An unsolicited proposal from a private entity has been submitted to the City of Alexandria to transform Hensley Park into a sports and entertainment facility. Although parts of the proposal appear strikingly similar to Arlington County’s plans for the Long Bridge Park Aquatics, Health and Fitness Facility, so far the County Board is not concerned.
The Alexandria City Council discussed the proposal it received from The St. James Group LLC during its meeting on Tuesday. The plan involves a long term lease of the 15 acre city owned property currently occupied by Hensley Park.
The Alexandria proposal includes amenities such as an Olympic sized pool and water play area, climbing wall and racquetball courts. Those features had already been included in Arlington’s long term plan for Long Bridge Park.
Arlington County Board Chair Walter Tejada said although there may be similarities, he doesn’t anticipate that a private facility in the southwest part of Alexandria would impact Arlington’s plans.
“I wouldn’t necessarily jump to conclusions. I think our approach is much different,” he said. “We have a public facility we are creating, but this is private proposal. The context is so different.”
In fact, Tejada believes it could be considered a compliment that other jurisdictions may be interested in creating facilities similar to Arlington’s.
“The best flattery or compliment is duplication,” he said. “It’s flattering that someone would want to copy or do something we’re already doing.”
Tejada noted that because Arlington’s complex is publicly funded, residents from all walks of life will be welcome to use it. Because that may or may not be the case with the private proposal for Alexandria, Tejada said “we aren’t concerned” about the threat of competition.
“For our project we are looking to be inclusive, so people of all incomes and backgrounds will have access to our facilities,” said Tejada. “Whereas in a private facility it’s for profit and the purpose is whatever the personal group sets forth, so that’s a different matter.”
Kendrick Ashton, Jr., Co-founder and Managing Partner of The St. James Group, agreed that the intent was not to create competition between the two jurisdictions. He said Northern Virginia has a great need for sports facilities that isn’t being addressed.
“There’s certainly a tremendous need in this area for enhanced aquatics facilities,” said Ashton. “I think given the dearth of high quality aquatic facilities at this point, the region needs more of them. It’s not competitive at this point.”
The group looked for potential locations for the complex in Arlington, Fairfax and other localities, but no options appeared as feasible as the Henley Park land. Ashton reiterated that although the Alexandria complex would likely draw visitors from around Northern Virginia, it isn’t expected to create competition for Arlington’s $80 million Long Bridge Park facility.
The City of Alexandria’s website assures the public that it has not gone forward with any plans, it has simply heard the proposal from The St.
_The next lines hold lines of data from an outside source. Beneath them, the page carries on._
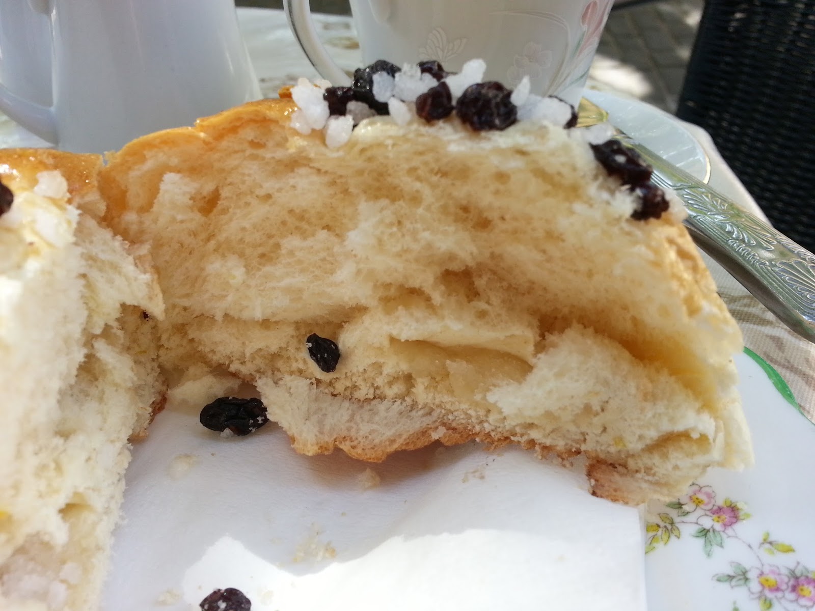 Here’s the recipe that appears in English food. It contains no currants, which I think are as essential as the sugar lumps: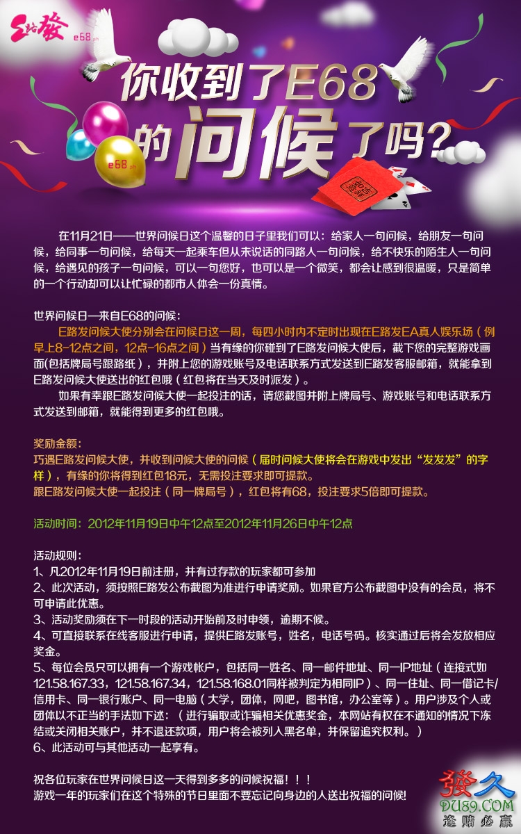 E68的问候大使即将登场,请大家做好准备哦发久论坛发久论坛 专业预测 博彩策略 http://bbs.du89.com/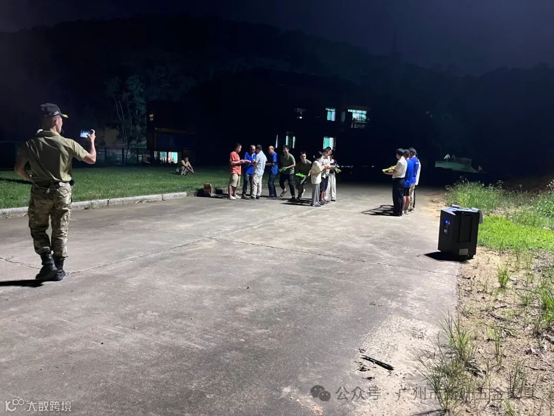晚宴后的高潮部分莫过于培训基地教官精心设计的互动游戏环节。我们快速步行赶到培训场地,团队建设活动随即展开,培训教官集合整队,快速地讲清楚了游戏活动项目与要求以及奖罚规则,安排按到场的团建成员自由组合成三个小组,每组需同等人数,要求每个小组在3分钟内,选出队长,成立队名与口号,锻炼了我们的领导力与执行力。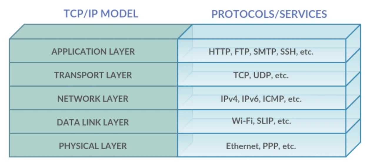 网络协议层级—— 5 层结构, 图源: Research Gate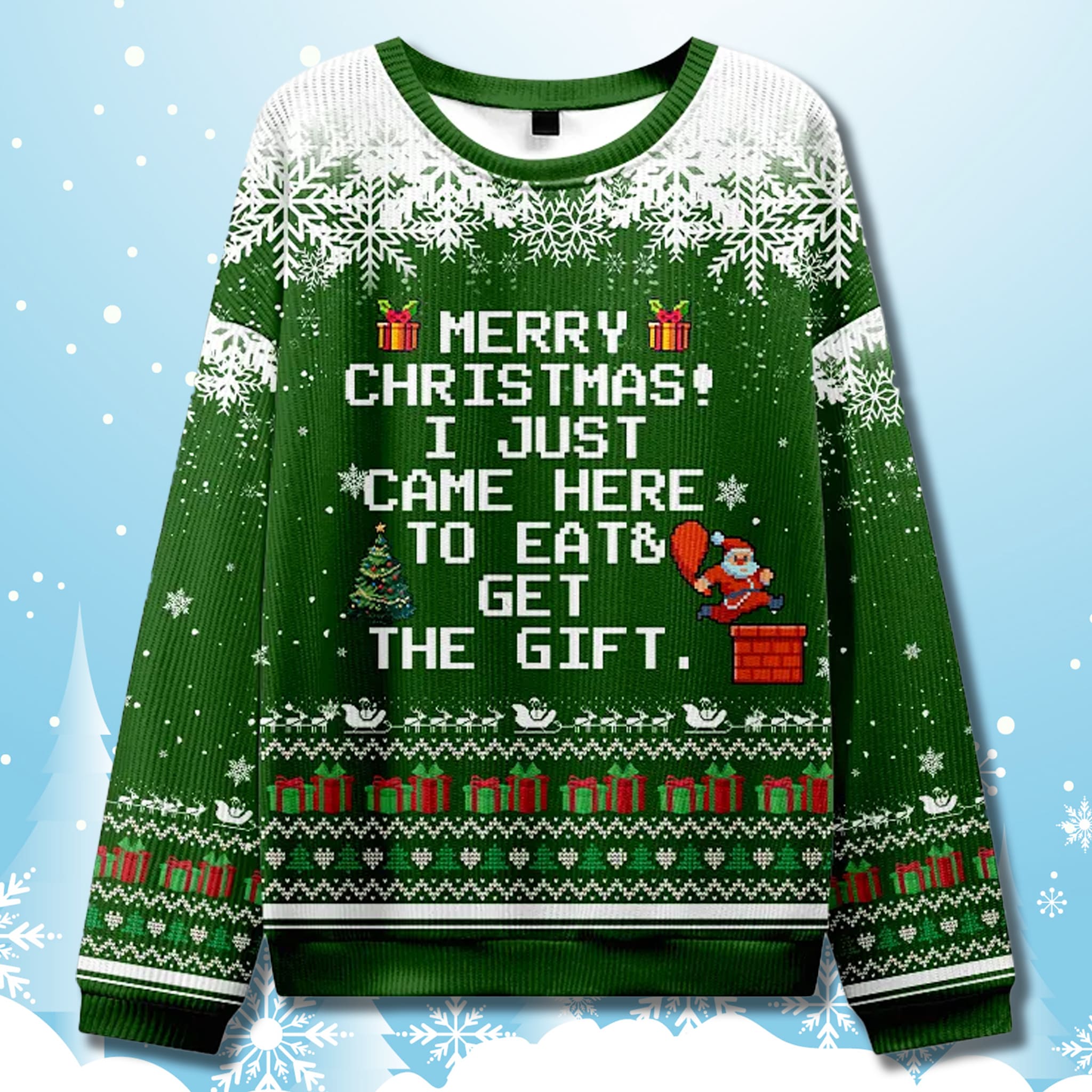 The Just Came To Eat & Get Gift Funny Christmas Sweater features a vibrant, traditional Christmas green color with striking white text that immediately draws the eye. The design simulates a chunky knit pattern and includes playful pixelated graphics of a tiny Christmas tree, presents, and a comical Santa Claus stuck in a chimney.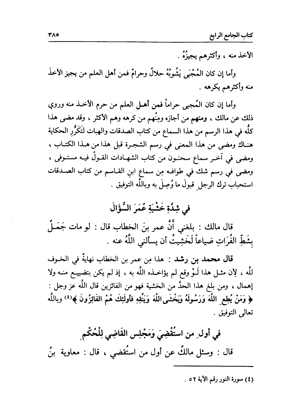 في أول من استقضي ومجلس القاضي للحكم قال: وسئل مالك: عن أول من استقضي، قال: معاوية بن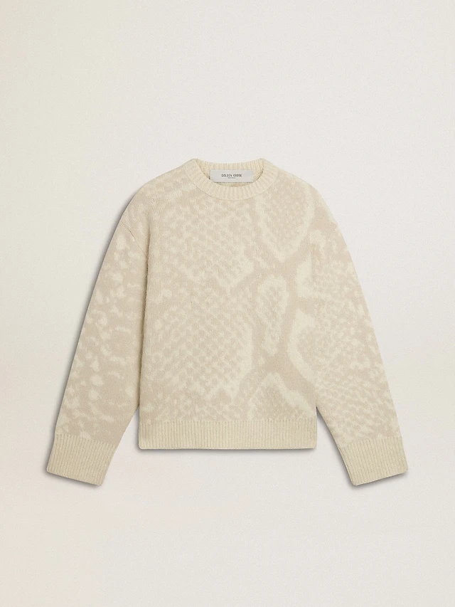 Women's light blue jacquard wool sweater with cream-colored pattern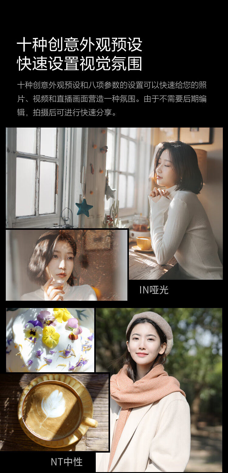 实现更宽广的光影层次表现力,而创意外观功能可轻松在相机中调整照片或视频的色彩效果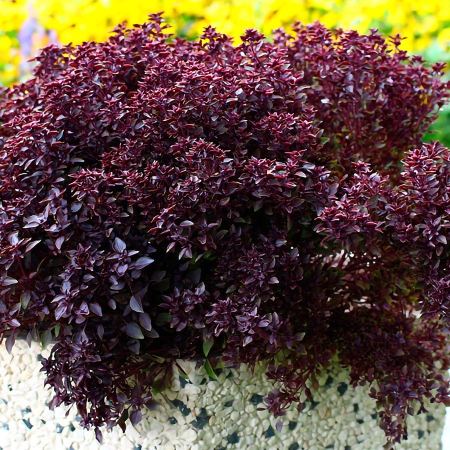 Beautiful, edible, and very aromatic, Purple Ball is a perfect basil for an edible landscape or a pretty patio pot. This unique herb is highly decorative. It grows into a rounded ball shape that's packed with tiny deep-purple leaves, and it blooms in small, tubular purple flowers. The leaves have an excellent flavor and can be dried or covered in olive oil and frozen for later use.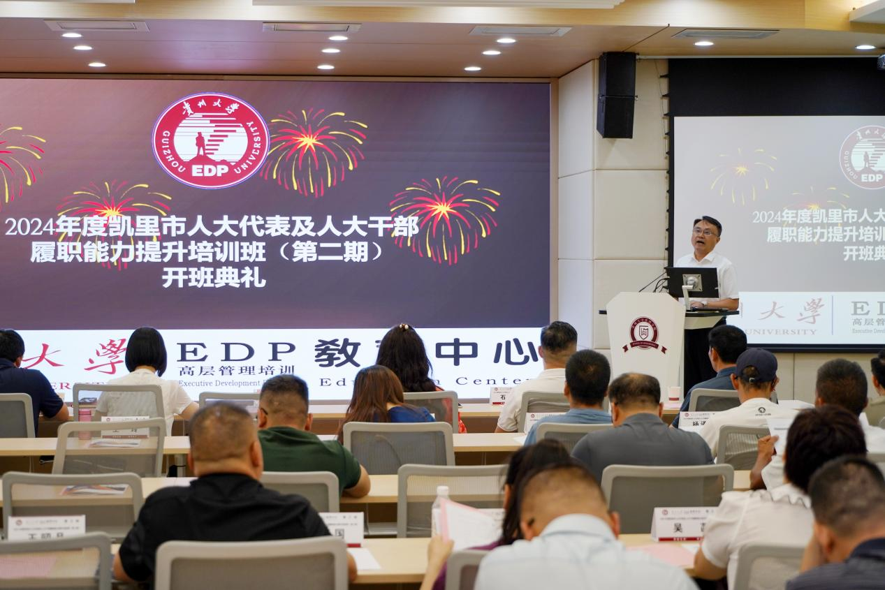 贵州大学党委委员、管理学院院长李烨,乐动官方网站EDP教育中心张勇主任,凯里市人大常委会党组成员、副主任王玲出席了开班仪式。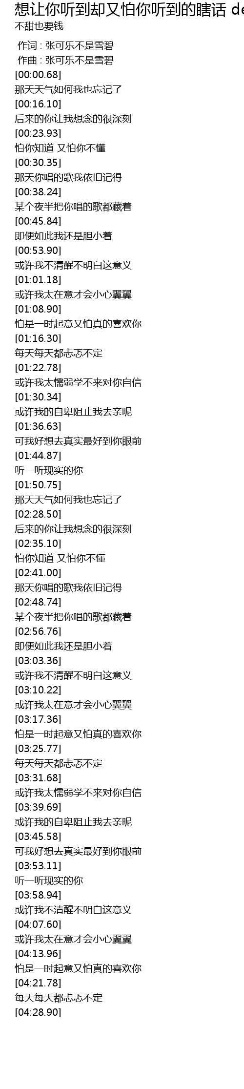 | [00:00.000] | 作词 : 张可乐不是雪碧 |
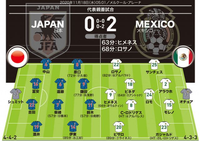 【警告】日本=鈴木(26分)、酒井(39分)、中山(51分)、鎌田(74分) メキシコ=ガジャルド(37分)、ロサーノ(42分)、アントゥナ(84分)【退場】なし【MAN OF THE MATCH】ラウル・ヒメネス(メキシコ)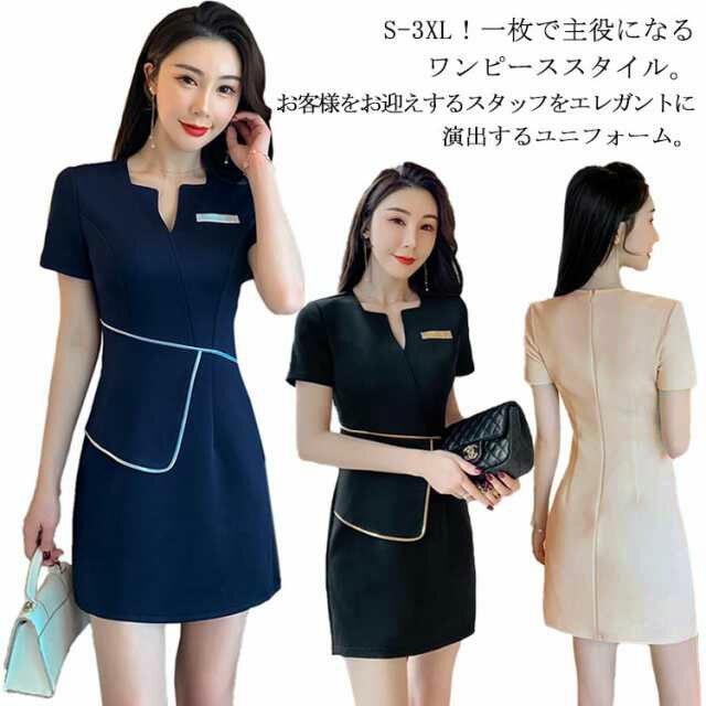 S-3XL!一枚で主役になるワンピーススタイル。お客様をお迎えするスタッフをエレガントに演出するユニフォーム。快適さもおしゃれ見えも!どちらか一方なんて選べない。全てがパーフェクトな一着を選ぶならこれしか無い!細部のディテールまでこだわった究極の一枚。ストレスなく動ける、着心地ソフトなストレッチ素材。美しいシルエットにこだわり、心地良い着心地を追求。 サイズ S M L XL 2XL 3XL サイズについての説明 サイズ:写真通り※上サイズ表の実寸法は商品によって1-3cm程度の誤差がある場合がございます。 素材 ポリエステル 色 ブラック ネイビー ベージュ 備考 ●サイズ詳細等の測り方はスタッフ間で統一、徹底はしておりますが、実寸は商品によって若干の誤差(1cm〜3cm )がある場合がございますので、予めご了承ください。 ●商品の色は、撮影時の光や、お客様のモニターの色具合などにより、実際の商品と異なる場合がございます。あらかじめ、ご了承ください。 ●製品によっては、生地の特性上、洗濯時に縮む場合がございますので洗濯時はご注意下さいませ。 ▼色味の強い製品によっては他の衣類などに色移りする場合もございますので、速やかに(脱水、乾燥等)するようにお願いいたします。 ▼生地によっては摩擦や汗、雨などで濡れた時は、他の製品に移染する恐れがございますので、着用の際はご注意下さい。 ▼生地の特性上、やや匂いが強く感じられるものもございます。数日のご使用や陰干しなどで気になる匂いはほとんど感じられなくなります。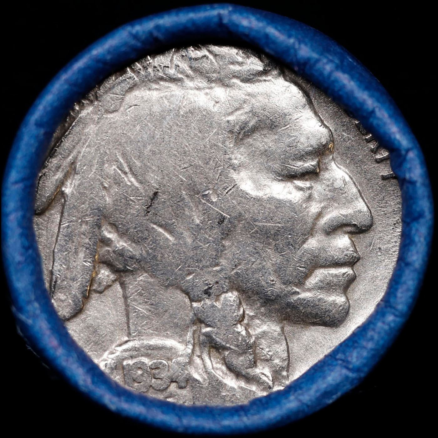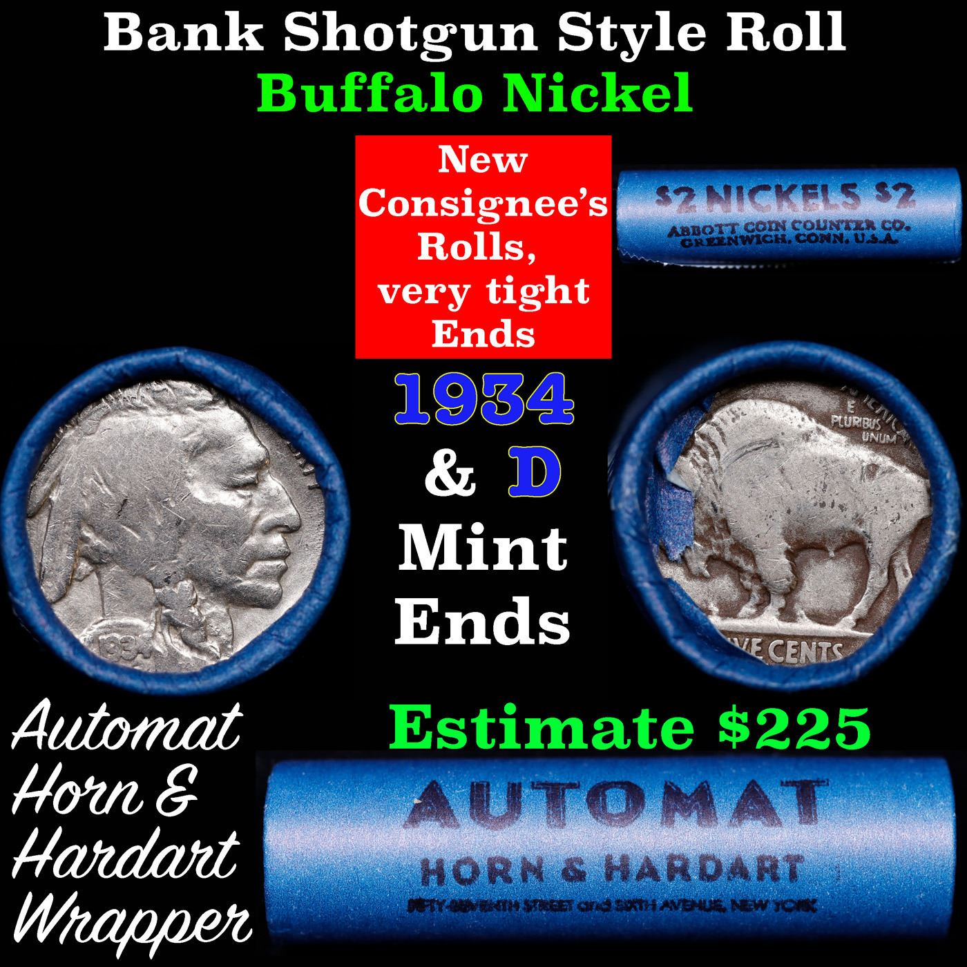 Buffalo Nickel Shotgun Roll in Old Bank Style 'Abbott Coin Counter & Automat' Wrapper 1934 & D Mint Ends. The roll is held in an old, rare "Brandt Abbott Coin Counter" Bank style wrapper. They are all from one estate, the ends on these rolls are very tight. We will guarantee they are all full dates.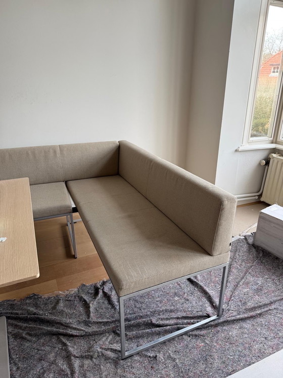 Arredate la vostra zona pranzo con la panca Arco Frame e le sue due sedie abbinate, una perfetta fusione di design moderno e funzionalità. Questo set presenta un'estetica elegante e minimalista con il suo rivestimento in tessuto beige e la robusta struttura in metallo, offrendo comfort e stile.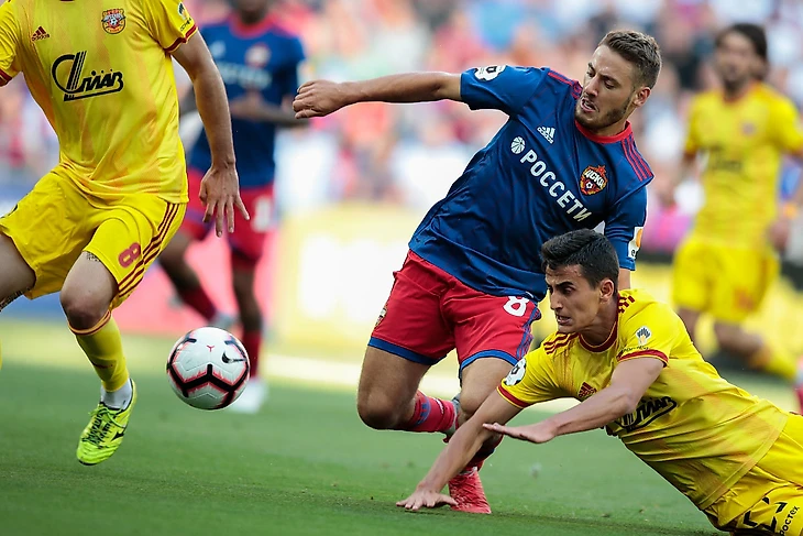 Как и в прошлом сезоне, ЦСКА играет по схеме 3-5-2 с опорником и двумя центральными хавбеками. Было предсказуемо, что Гончаренко не станет менять схему и стиль команды, но была проблема с исполнителями. Особенно это касалось зоны полузащиты. В первых 3 турах в центре поля играли Бийол, Бистрович и Набабкин, задачи которых разрушать, а не созидать. Поэтому у ЦСКА не получалось качественно атаковать в играх с Крыльями, Ростовом и Енисеем. Большинство атак проходило через фланг Фернандеса, который, по сути, стал единственным игроком, отвечающим за остроту атак армейцев. Лишь с приходом Влашича у ЦСКА появился плеймейкер, коим в прошлом сезоне был Головин. По статистике Влашич хорош: по 2 ключевых паса в среднем за 90 минут (3-ий после Хосонова и Бистровича), 33,5 передач с точностью 80,5% в среднем за матч (3-ий показатель), 2,5 ударов (3-ий показатель) и 2 обводки в среднем за игру (1-ый в команде). У Влашича есть один явный недостаток - плохо обороняется без мяча. Об этом подробно описано в посте Дорского про разбор 5-ого тура РПЛ.

James Group. The website reads: “All that has happened is that an outside party has made an unsolicited proposal to the City about a potential use of City-owned land. Neither City Council nor City staff have reached any conclusion about the merits of the proposal, nor have made any decisions other than the decision to evaluate it.”
The St. James Group will hold a public meeting to further explain the proposal on July 1, from 6:30-8:30 p.m. at the Holiday Inn on Eisenhower Avenue. The City of Alexandria stresses that the meeting will not be led by or sponsored by the city, so residents should not consider it an official public hearing.
According to the timeline offered in the proposal, the hope is to have a recommendation from Alexandria by October regarding whether or not to move forward. If the City Council determines that a sports and entertainment complex is a feasible option, it will issue a Request for Proposals (RFP) to allow any interested party to make a bid. If the City Council decides such a facility is unnecessary, the process will end without any further action.
“We have to wait and see what becomes of it. They’re evaluating it, like anyone would,” Tejada said. “We’ll see what happens. For us, we’re focusing on our own project.”
Meanwhile, there has been no change announced to the schedule for the next phase of the Long Bridge Park project. In January, Arlington County Department of Parks and Recreation spokeswoman Susan Kalish told ARLnow.com that construction on the project is expected to begin this fall.
Despite some resident concerns over the cost of the facility, Tejada said the county will continue on with it and make all efforts to keep the project on budget.
“I think that we certainly will continue to practice our best fiscal management qualities that have earned us a AAA bond rating from all the bond rating agencies,” said Tejada. “It’s important to remember that we have a sound fiscal management record. I know sometimes that may get lost when one or two projects may be in the news.”